Totally geodesic submanifolds and conformal class of metrics

differential-geometryriemannian-geometrysolution-verification

Suppose I have a riemannian manifold $(N,g^1)$ and a submanifold $i:M\hookrightarrow N$. Furthermore, assume that $M$ is totally geodesic with respect to $N$, therefore the second fundamental form vanishes. Now consider another riemannian metric $g^2$ on $N$ such that $g^2=e^{2f}g^1$ for a smooth function $f$. Now I was wondering if with respect to the metric $g^2$ will $M$ also be totally geodesic with respect to $N$. I belive the answer is yes but I wanted to make sure my proof was correct.

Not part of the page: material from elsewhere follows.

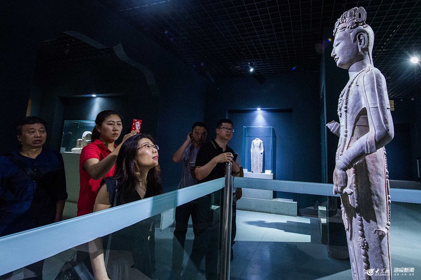 2019年5月16日,山東濰坊,觀眾在青州市博物館內參觀藏品,感受歷史的魅力,迎接5月18日國際博物館日的到來。

The goal is to check that the second fundamental form associated with $g^2$ vanishes. We will have $B^2(X,Y)=\tilde \nabla ^2_{\tilde X}\tilde Y- \nabla ^2_X Y$. But since we are in the same conformal class we know that , from this answer Levi-Civita connection between conformal metrics,

$$\tilde \nabla^2_{\tilde X}\tilde Y=\tilde \nabla^1_{\tilde X}\tilde Y+\tilde X(f)\tilde Y+\tilde Y(f)\tilde X- g^1(\tilde X,\tilde Y)grad(f)$$
and we get an analogous result for $\nabla^2_{X}Y$. Therefore using the fact that $\tilde \nabla^1_{\tilde X}\tilde Y- \nabla^1_{X}Y=0$ and that $\tilde X,\tilde Y$ are extensions of $X$ and $Y$ we get that $B^2$ will vanishe, and hence $(M,i^*(g^2))$ is totally geodesic with respect to $(N,g^2)$.

What do you think about this proof? Any insight is appreciated, thanks in advance.

Best Answer

The answer is no. Take $M$ to be the unit disk in $\Bbb R^2$ and consider the two metrics $g_1 = g_{\text{eucl}}$ the Euclidean metric and $g_2 = g_{\text{hyp}} = \frac{4}{(1-|x|^2)^2}g_1$ the hyperbolic metric.

Any straight line in $M$ is a geodesic in $(M,g_1)$, therefore a totally geodesic submanifold. But only those passing through the origin are geodesics in $(M,g_2)$.

You can adapt this example in any dimension: any affine hyperplane intersected with the unit ball is a totally geodesic euclidean submanifold while only those passing through the origin will be totally geodesic hyperbolic submanifolds.